この記事を書いた人 Avatar photo 琉球新報社

 以前勤務した中学校に面白い生徒たちがいて、お昼の校内放送を「あめんぼ司令部」と名付け画期的な放送を行っていた。私は好きで応援していたし、練習にもよく立ち会った。しかし、周囲の評判はいまひとつで、せっかく何回も練習した大切なオチの直前に、給食担当の先生のあまり大切でない放送に遮られては悔しがっていたのを思い出す。高校に進学してからはFM放送局をまわってプレゼンし、ついに番組の枠を獲得して、「あめんぼ司令部」は公の電波にのることになってしまった。

 ある日、この高校生DJから「来週が最終回だから、教頭先生、必ず聞いてよ」と連絡があった。当時、私は県立美術館に勤務していたが、彼にとって私はずっと教頭先生であるらしい。まあ、よくスベる子だからと期待せずに放送を待つ。「居場所は自分でつくるんだよ」と中学校の時、教頭先生がいつも言っていた。僕は、それはこういう意味だと今になって考える、と解釈を熱弁する。僕のとっても大切な言葉だと放送で言った。彼が育てたこの言葉は、私にとっても大切な言葉となった。

 うちの先生方に、子どもたちに次の力をつけてと言っている。「自分を好きになること」「繋(つな)がっていることに気付くこと」「居場所は自分でつくること」の三つだ。これに応えて、生徒会が「学校を変えるあなたの特技」を全校生徒に募集し始めた。

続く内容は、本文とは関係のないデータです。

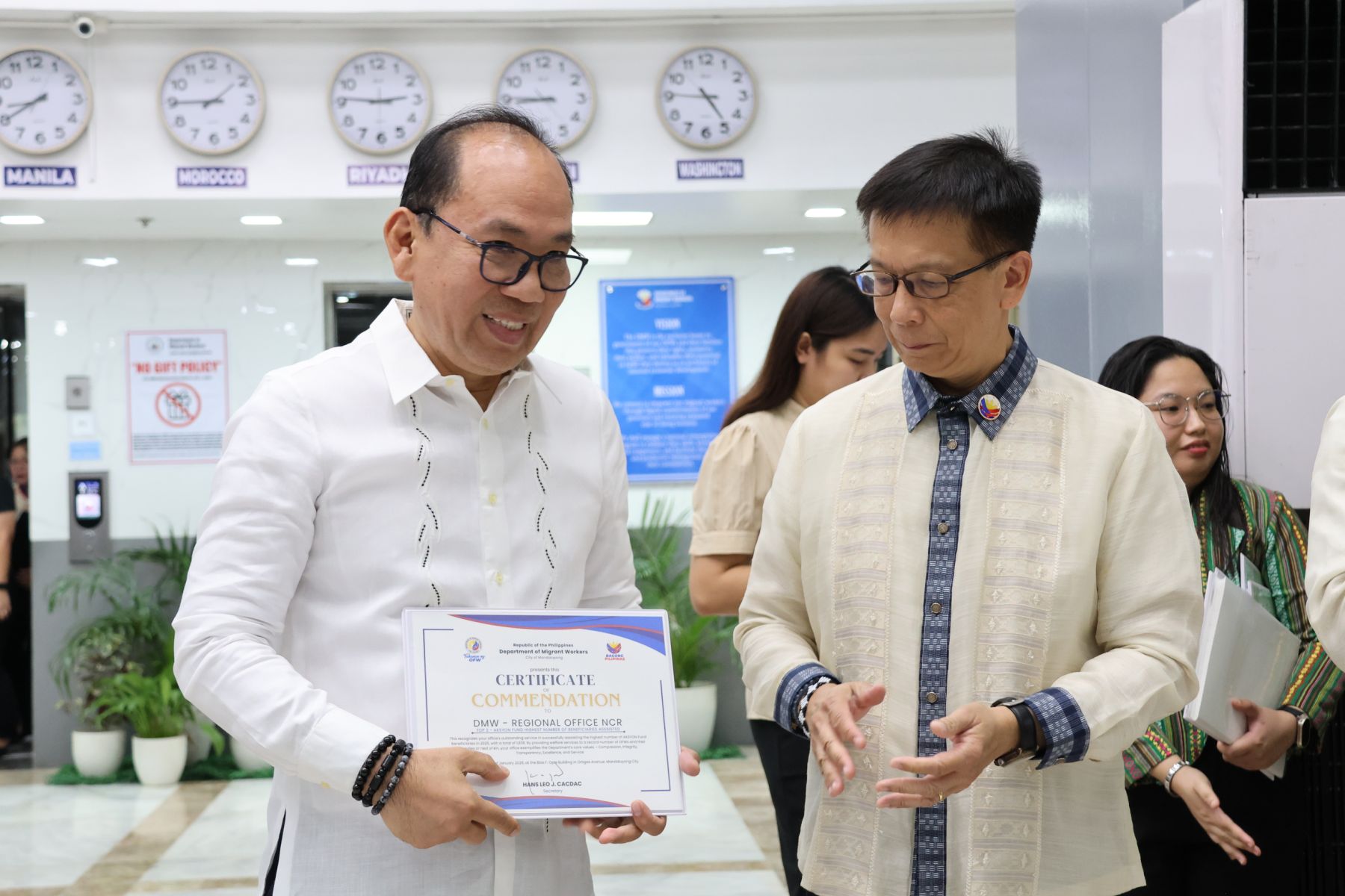 Beyond financial disbursements, the Department of Migrant Workers also recognized personnel who remained on duty during the year-end holidays from December 29, 2025 to January 2, 2026. The citation covered staff from the Central Office and regional units in NCR, Regions II, III, IV-A, IV-B, V, VI, VII, IX, X, XI, XII, and XIII, reflecting the agency’s continued deployment of responders during peak periods of overseas worker assistance demand.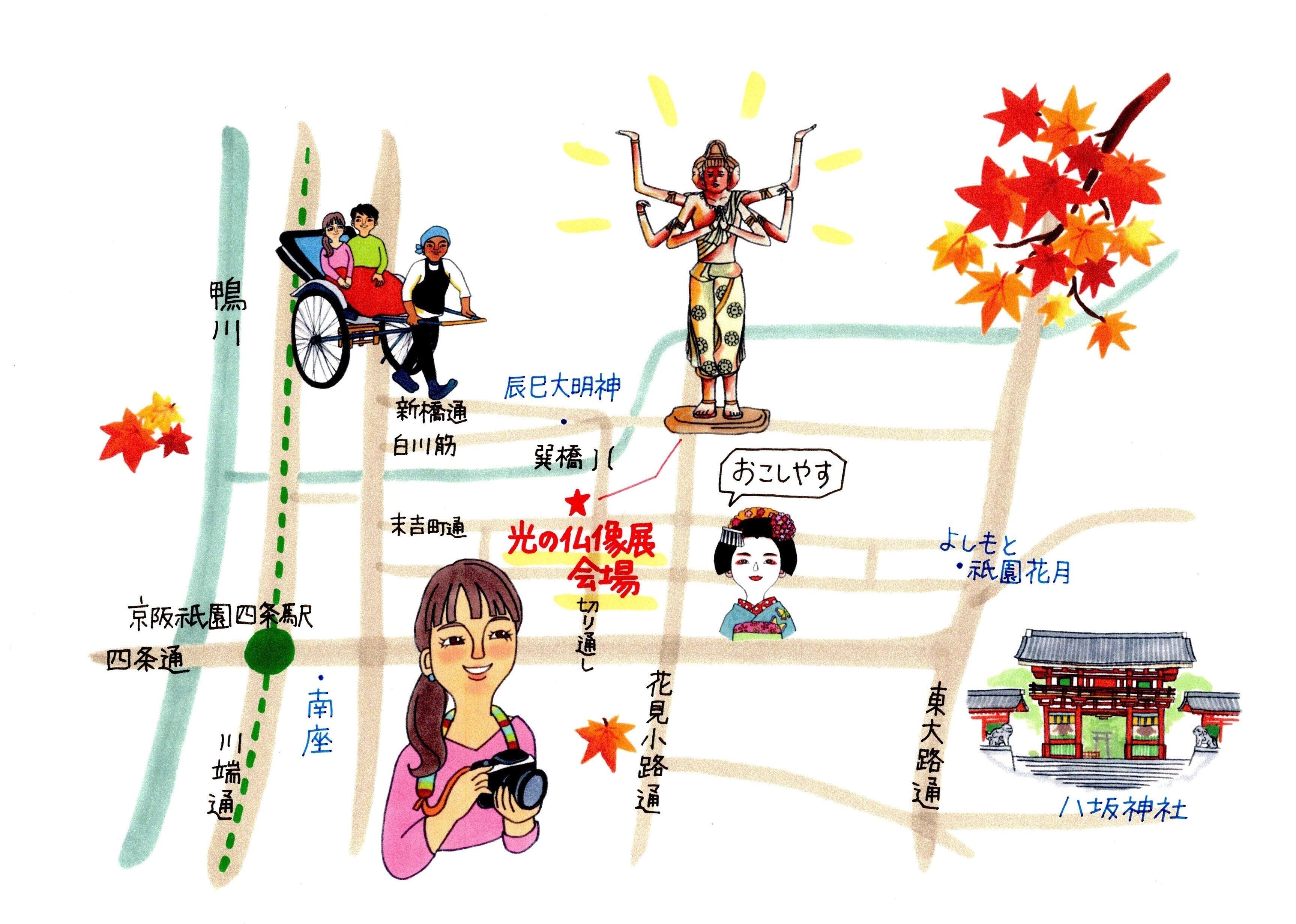 祇園四条駅から徒歩5分程度の場所に展示会場があります。祇園四条駅から、四条通(祇園商店街)を八坂神社の方面へ歩きます。花見小路通りまで行きましたら、左折してください。そのまま花見小路の景観を楽しんでいただき、目の前に辰巳大明神、その左手に巽橋が見えましたら、巽橋を渡っていただき、細道を少し進んでいただいた右側の角が展示会場となります。場所が分からない場合はスタッフがご案内いたしますのでお問い合わせくださいませ。※周辺にコインパーキングが何か所かございますので、お車で来られる方は駐車場をご案内いたします。

 本校は、琉球王朝時代に中国大陸からの渡来人が住んだ久米の地に建つ。中国との外交や貿易を担い、琉球王国の大交易時代を支えたのがこの地域である。自分自身の特性を見つめ、志を持ち深く学び続け、広い視野を持って大きく世界へと飛び立つ、それがこの地の先人が私たちに残してくれたメッセージではないか。そう、彼らも、自分を信じ、繋がりを尊び、居場所を自分でつくったのだ。